Stranded My Boyfriend Stole My Car and Left Me on the HighwayChapter 1

Two days before New Year's, my boyfriend and I were driving to his hometown to spend the holidays with his family.

We got into a fight over how much to give his sister as a gift. She was seventeen this year, and we'd originally agreed I'd buy her the latest iPhone.

But halfway there, Leo Sullivan suddenly changed his mind. "Forget the phone," he said. "Just give her seventeen thousand dollars instead. Think of it as a little something from her future sister-in-law, to celebrate her moving to the city."

I frowned and argued with him, but before I could get two words out, he hit the gas and pulled over on the highway, leaving me stranded on the shoulder. The cold cut right through me. I was shivering so hard my teeth chattered.

I called him countless times. Sent text after text. He didn't respond to a single one.

Half an hour later, I calmed down and dialed the highway patrol. "Hi, my car was stolen. I'm on the interstate heading toward his hometown."

……

I was thirty years old.
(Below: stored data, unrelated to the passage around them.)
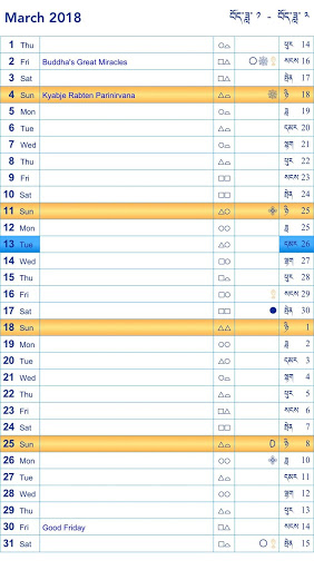 Tibetan Lunar Calendar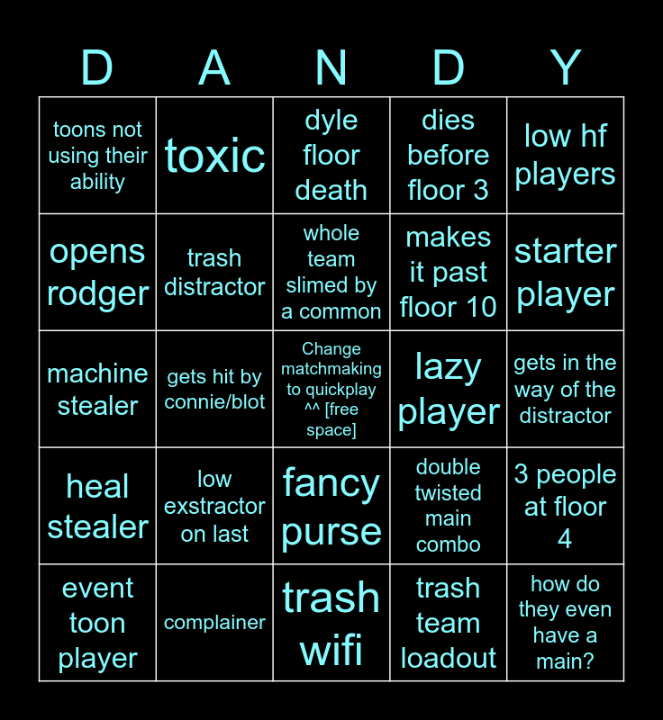 This bingo card has a free space and 34 words: No distractor, trash team loadout, over 10 min for a single floor, useless toon, heal stealer, trash distractor, low hf players, event toon player, toxic, main spawns, whole team slimed by a common, dyle floor death, dosent make it past floor 5, actually good team?, lazy player, starter player, complainer, machine stealer, low exstractor on last, double twisted main combo, fancy purse, TRASH TRINKETS, toons not using their ability, gets in the way of the distractor, trash wifi, how do they even have a main?, dies before floor 3, Skill issue, makes it past floor 10, opens rodger, wakes rnd, gets hit by connie/blot, 3 people at floor 4 and craft sibling/gigi spawns.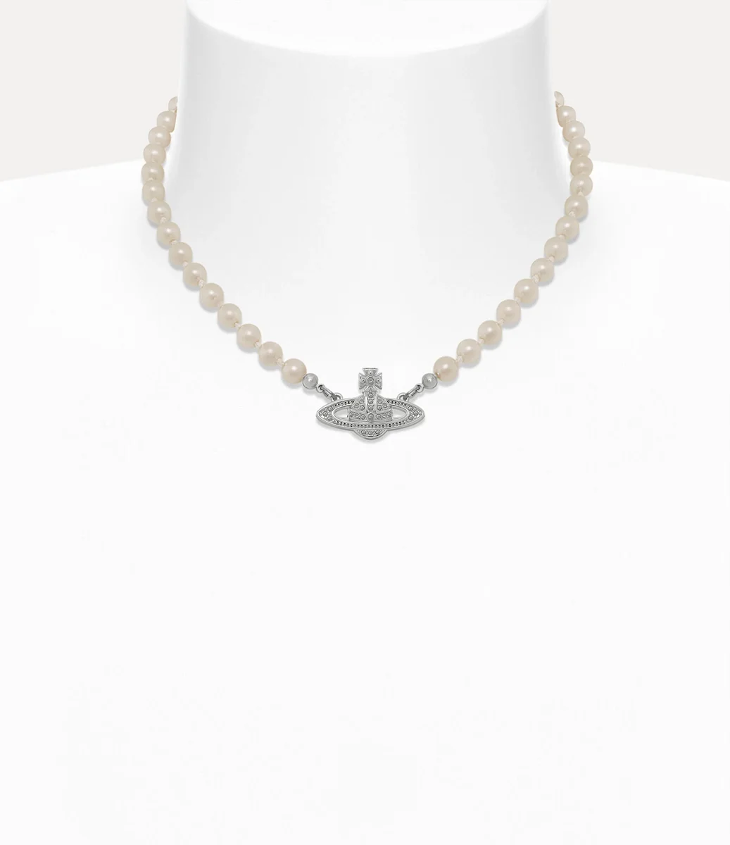 In the late 1980s, Vivienne Westwood introduced her iconic pearl concept at the Harris Tweed Fall 1987 fashion show, featuring a single-strand choker. Our Mini Bas Relief Pearl choker takes inspiration from this original design, reimagining it with the classic orb motif at the centre, enhanced by glistening crystals – recalling the house’s ethos of linking the past with the future.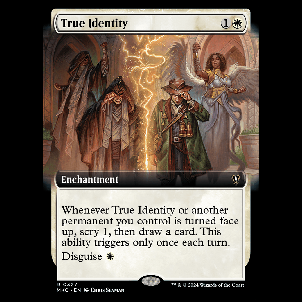 Whenever True Identity or another permanent you control is turned face up, scry 1, then draw a card. This ability triggers only once each turn.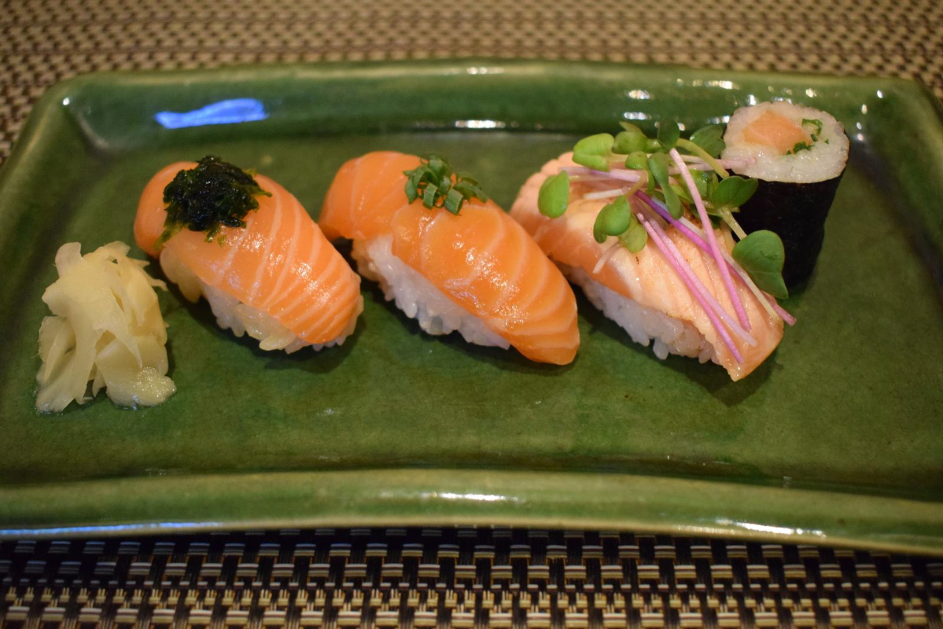 Salmon sushi set sold at SusHi Tech Tokyo 2024.        Photo: courtesy of Tokyo Metropolitan Government (Same below)

Leo and I had been together for four years.

He was my second boyfriend, and being with him was the first time I'd ever truly wanted to settle down.

Things between us had always been good, so we'd decided to meet each other's parents over the holidays and lock down a wedding date.

Before the trip, I'd already bought gifts for his family: two bottles of premium whiskey, two cartons of high-end cigarettes, plus supplements like high-grade vitamins and health tonics.

To show my sincerity, I'd gone top-shelf on everything. It cost me a small fortune.

But I'd been happy to spend it.

I thought I'd covered all my bases. I hadn't counted on forgetting a gift for his sister.

Leo had explained, somewhat awkwardly, that his sister Libby Sullivan had bombed her SATs this year. Their parents planned to move her to the city so she could retake them next year.

I'd chosen my words carefully. "When I was your sister's age, the thing I wanted most in the world was a phone. For kids these days, a phone isn't just a toy; it's a study tool. How about I get her one?"

Leo had agreed. But then, out of nowhere, he'd changed his mind. He said his sister didn't want a phone anymore.

Better to just give her seventeen thousand dollars as a gift.

Thousand? I'd blinked. For a seventeen-year-old girl, that was an astronomical sum.